Uchechukwu Lawrencia Igwesi, and Nkemjika Nnedinso Umerah
Issue :
ASRIC Journal of Natural Sciences 2024 v4-i1
Journal Identifiers :
ISSN : 2795-3629
EISSN : 2795-3629
Published :
2024-12-30
Mucuna flagellipes is an underutilized legume that is wildly grown especially, in Eastern part of Nigeria. The study evaluated the effects of thermal processing on the functional and rheological properties of Mucuna flagellipes flours. The Mucuna flagellipes seeds were sorted, cleaned and divided into four equal lots of 0.5kg each.
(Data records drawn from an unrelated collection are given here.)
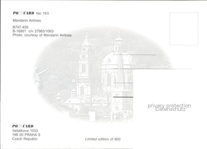 Flugzeuge Zivil Mandarin Airlines B747-409 B-16801 c/n 27965/1063 postalisch nicht gelaufen Erhaltung siehe scans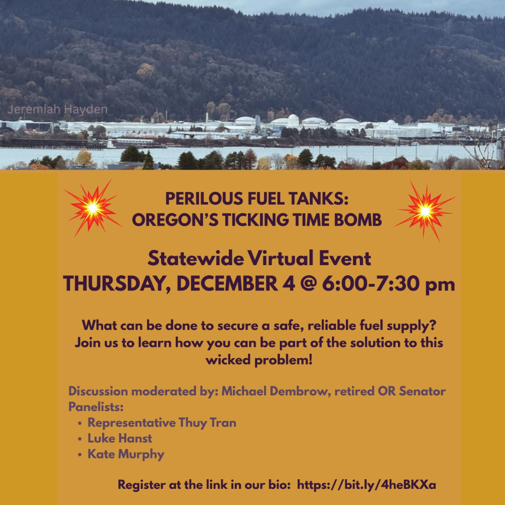 Sponsored by: Consolidated Oregon Indivisible Network (COIN); 350PDX; Beyond Toxics; CEI Hub Task Force; Columbia Riverkeeper; Community for Earth, First Unitarian Portland; Linnton Neighborhood Association’s Tank the Tanks; League of Women Voters-OR; MCAT; Oregon Physicians for Social Responsibility; Risk Bond Coalition; Southern Oregon Climate Action Network; Willamette Riverkeeper.
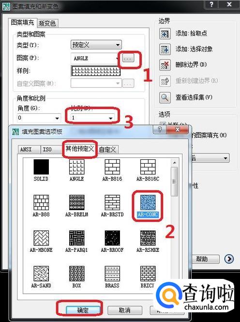 然后点击图案旁边的扩展按钮,如图所示,出现“图案填充选项板”,选择“其他预定义”里面的“AR-CONC”图案,然后设置一下填充图案比例,根据经验设置为0.5(可以根据图形尺寸及显示效果调节)。
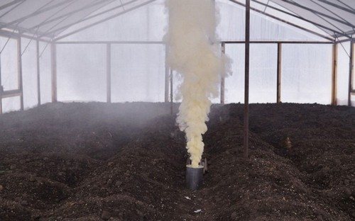 Полученной смесью обрабатывают поверхность теплицы и грунт. Помещение следует оставить закрытым на 2 дня после обработки, а затем открыть для проветривания на 2-3 дня.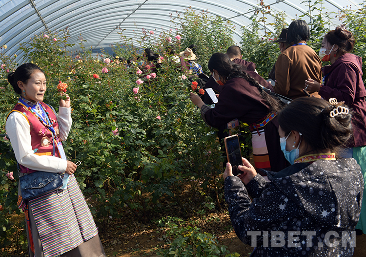 這是森布日那曲極高海拔生態(tài)搬遷安置點的赴京基層干部在北京密云區(qū)參觀現代農業(yè)時,拍照留念(唐召明2021年10月21日攝)
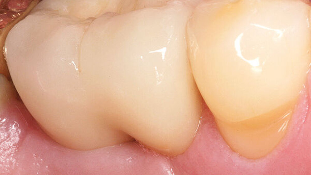 Infektionen der den Zahn umgebenden Gewebe führen infolge einer überschießenden Gewebereaktion zum Knochenabbau und im schlimmsten Fall zum Zahnverlust. Aufgrund der besonderen Situation der Perio-Integration von Implantaten und der ungenügenden Möglichkeiten der Dekontamination bakteriell belasteter Oberflächen ist ein präventiv-konzeptionelles Vorgehen notwendig. Transgingivale, möglichst einteilige Implantate entsprechen der Biologie des natürlichen Zahns eher als zweiteilige Implantate (Abb. 6, 7 und 8). Wir beobachten bei Keramikimplantaten zudem eine bessere Anlagerung der Weichgewebe.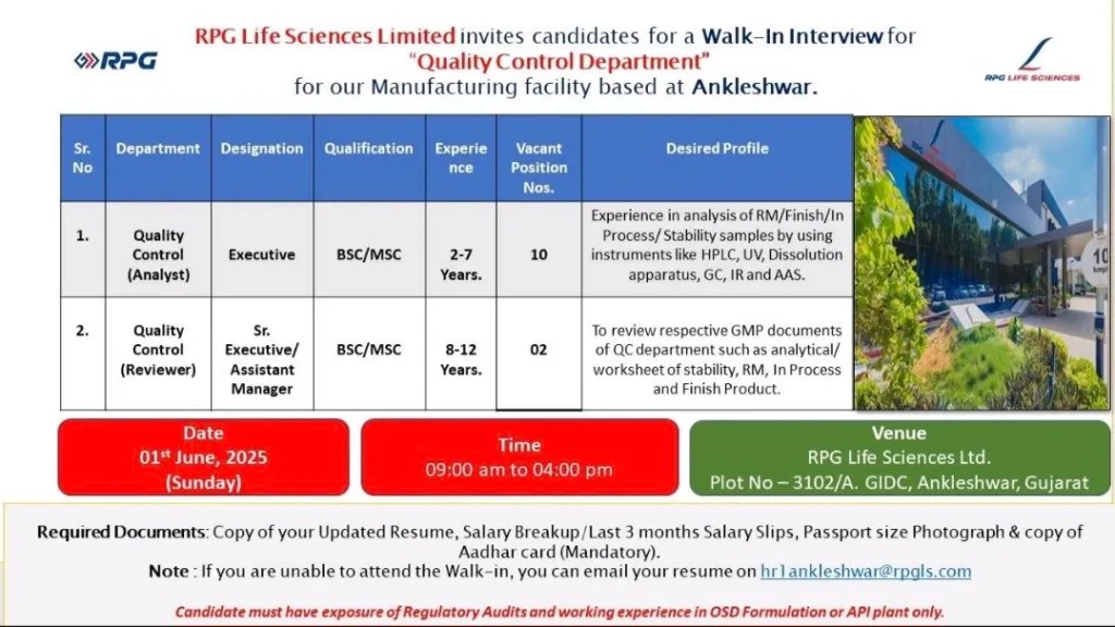 RPG Life Sciences Limited, a leading name in the pharmaceutical industry, is conducting a walk-in interview for its Quality Control Department at its Ankleshwar manufacturing facility. The event is scheduled for Sunday, 1st June 2025, from 9:00 AM to 4:00 PM, offering a golden opportunity for qualified professionals to join a dynamic and quality-focused organization.

They were processed into A -raw, B -boiled, C -roasted and D -autoclaved. The samples were analysed for functional and pasting properties using standard methods. The functional properties of the flours showed that the bulk density ranged from 0.85 – 2.79 g/cm3, 3.42 – 6.68 % water absorption capacity, 4.09 – 6.58 % oil absorption capacity, 16.47 – 64.85 % emulsification capacity, 16.47 – 64.85 % least gelation concentration, 5.26 – 15.61 % swelling capacity, respectively. The pasting properties of the Mucuna flagellipes flours also showed that the peak viscosity, trough viscosity, breakdown viscosity, set back viscosity, final viscosity, peak time and pasting temperature ranged from 14.49 – 65.69 RVU, 45.91 – 89.57 RVU, 43.77 – 98.34 RVU, 11.76 – 52.57 RVU, 19.51 – 117.18 RVU, 7.68 – 11.75 min and 85.90-98.81 0C, respectively. The study showed that the thermally processed Mucuna flagellipes flours could be used as nutritional supplements and functional ingredients in the preparation of a wide range of foods. Keywords: Mucuna flagellipes, rheology, functional, underutilized.